Modeling smoke-driven evacuation routes during wildfires: Architecture and implementation of the s-ERP system

The rise in frequency and intensity of global wildfires presents increasing risks to public health and safety, especially through the respiratory and cardiovascular issues resulting from smoke exposure and elevated temperatures. Although immediate evacuation is crucial for protecting individuals, existing evacuation planning tools lack integration with smoke behavior simulations, which limits their effectiveness. This paper introduces s-ERP (smoke-based Evacuation Route Planning), a real-time decision-making system designed to enhance evacuation outcomes during wildfire events. s-ERP constitutes a cost-efficient integrated framework that analyzes spatiotemporal data by developing synergies with various open external tools to proactively determine both safe evacuation routes and the optimal departure time. This tool comprises three core modules: (i) the Smoke Dispersion Module that forecasts the progress of smoke behavior by adopting a Gaussian plume model; (ii) the Evacuation Route Planning Module that implements an algorithm identifying alternative safe routes, while minimizing exposure to smoke-affected areas; and (iii) the Web Application, consisting of a RESTful API with multiple endpoints, which manages data flow and enables operational use by stakeholders.
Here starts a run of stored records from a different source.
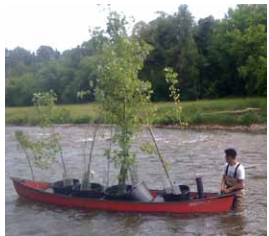
The summer crew planting at the falling rocks using the canoe to transfer the trees across the river. Zero Emissions!

CRAA again received funding to hire a summer crew of 3 students. They were hired in late May and have been working hard to plant trees, maintain the nursery and continue maintenance on past planting sites. The crew will work through to late August. If you see them in the field be sure to say hello and if you would like to help just drop us a line.
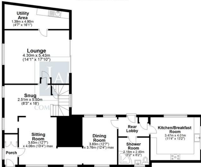
Ground Floor Approx. 106.4 sq. metres (1144.8 sq. feet)
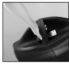
Molded handle and handy docking locks for ease of transportation
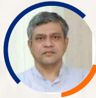
Shri Ashwini Vaishnaw Union Minister of Railways Govt. of India
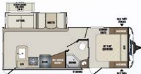
269RLS | Rear living, two entries Weight: 5449 LBS. | Length: 32' 5"
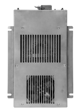
Backer Vestibile Heater
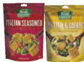
Fresh Gourmet Croutons Selected Varieties - 5 oz. pkg.
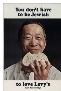
Figure 1: Not perfect looking white people. Magazine campaign for Levy's. (DDB 1961–1970).

It worked brilliantly. And it is important to remember that brands shouldn't want to be doing whatever everybody else is doing, because if they do, then only the market leader can win. So, if you are a small beer and do the same advertising as Budweiser, then you lose as everyone will think it is the same ad, it's better to differentiate yourself. Stupid marketers copy what the market leader is doing and that confuses your brand with the market leader and your brand disappears.
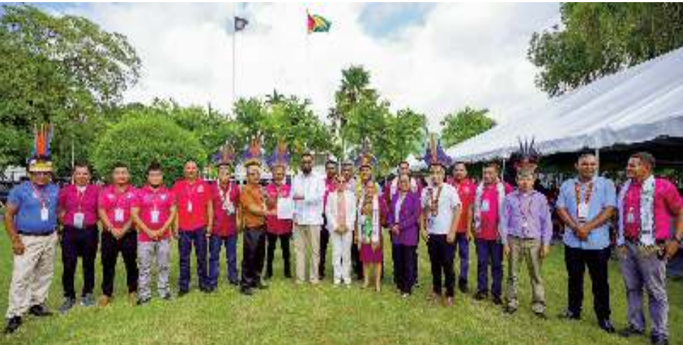
Original Certificates of Title for Manawarin and Sawariwau, along with extensions were handed over

Several Cabinet Ministers, Government officials, and members of the Joint Services were also present at the meeting.
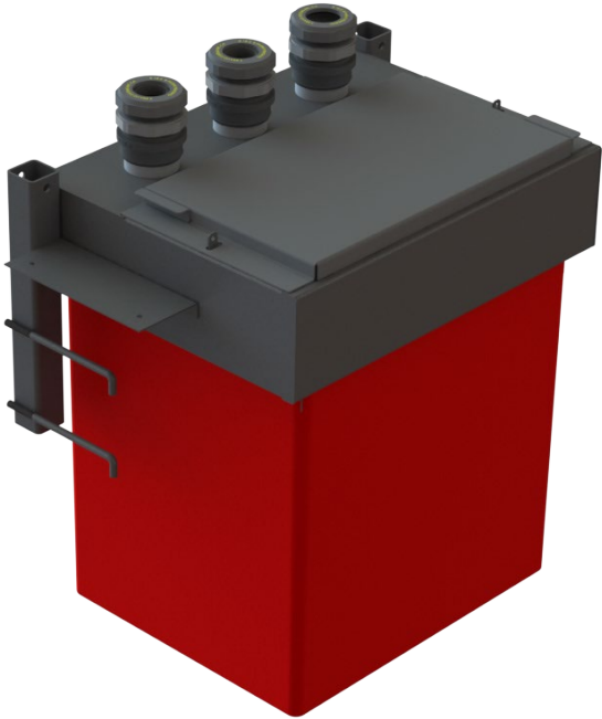
Product Shown B501-S
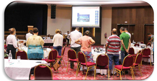
Regional training Tunisia

Men had their own sessions around the topic of conflict resolution , where they worked professionally, by the support of a previous judge and a current pastor lecturer, on solving some practical case studies relating to the topic, which would support their ministry and personal life.
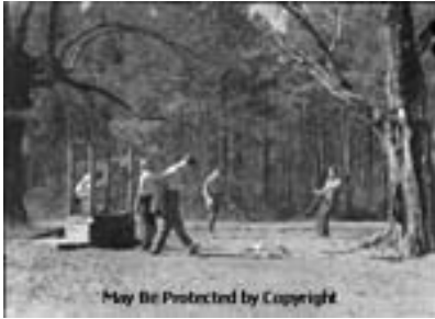
Image Caption: [Four unidentified men appear to be constructing or disassembling a wooden structure, perhaps a well or outhouse, in a forest clearing. Likely students from Yale University's forestry school, which annually conducted spring field work from a base camp on Urania Lumber Company land in Urania, Louisiana, for many years.]
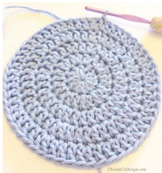
INCREASES THROUGH RD 5

Rnd 4: Ch 3 & DC in same st, *{1 DC in next st, 1 DC in next st, 2 DC in next st} rep from * until end, join with a sl st to 3rd ch. (44 sts) Stop increasing here for 0-3 mos + 3-6 mos, go to Hat Sides .
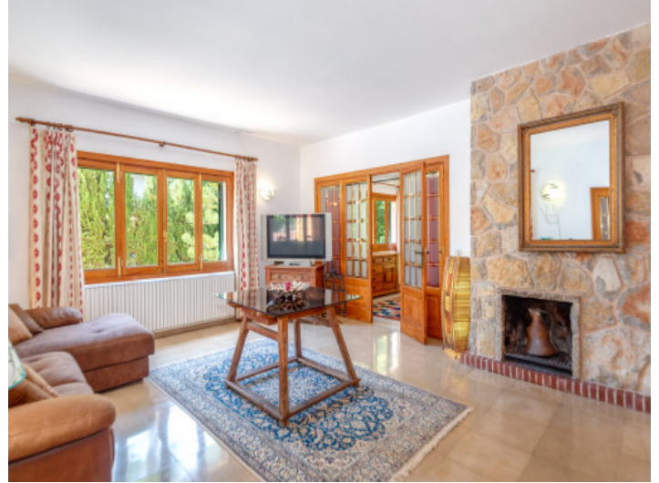
Another living area
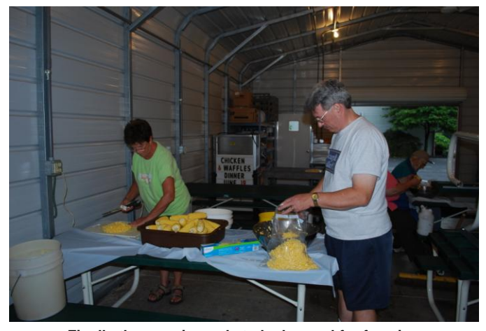
Finally the corn is ready to be bagged for freezing

Rained Out! The planned picnic cruise on the Millersburg Ferry in July was the victim of one of this summer's frequent storms. The venue was quickly changed to the Grange Hall Conference Room and about 25 people enjoyed a meal together followed by conversation and some table games planned by Peg Bolton.
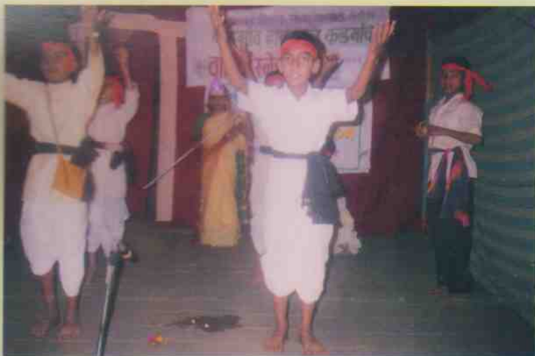
School students Presenting folk dance during Internship 2006
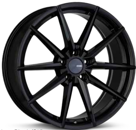
Gloss Black (BK)
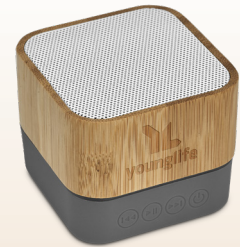
MT-OK-371-B OKIYO OTO BAMBOO BLUETOOTH SPEAKER
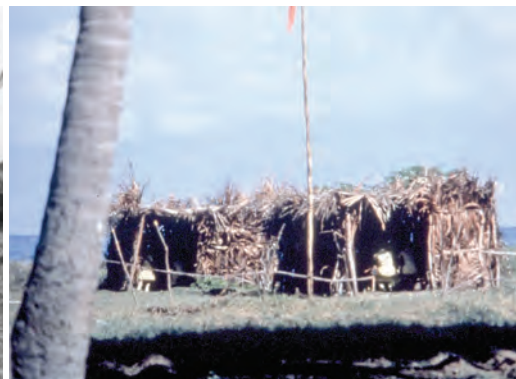
Top: Pioneering our mission in tents set the stage for us to live locally where the mission would serve.
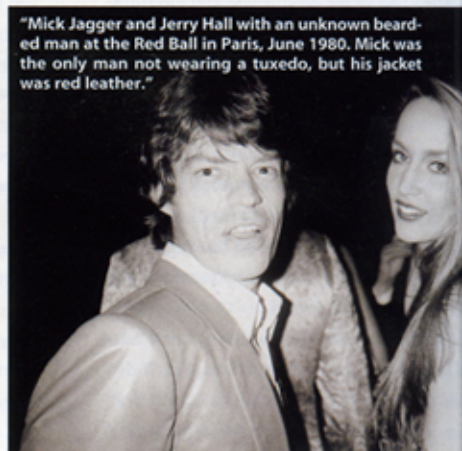
"Mick Jagger and Jerry Hall with an unknown bearded man at the Red Ball in Paris, June 1980. Mick was the only man not wearing a tuxedo, but his jacket was red leather."
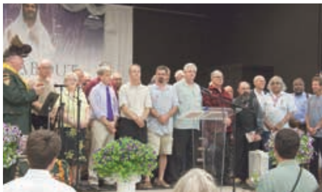
Northern New England Conference Pathfinders honor veterans during a program on Sabbath afternoon.
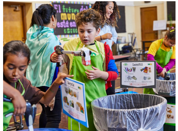
StopWaste works with school Green Teams to help their classmates sort properly at lunch.

Stakeholders, including district sustainability coordinators, teachers, and parents, are provided ongoing environmental education and technical assistance.

The proposed system is validated through extensive experimental evaluations under realistic wildfire and smoke conditions and in the context of a real scenario of distributed emergency management. The empirical findings indicate that s-ERP mitigates evacuee exposure to harmful smoke in comparison to conventional methods and improves route reliability under wildfire dynamic conditions. These results demonstrate the system’s capability to deliver timely, adaptive and health-oriented evacuation strategies.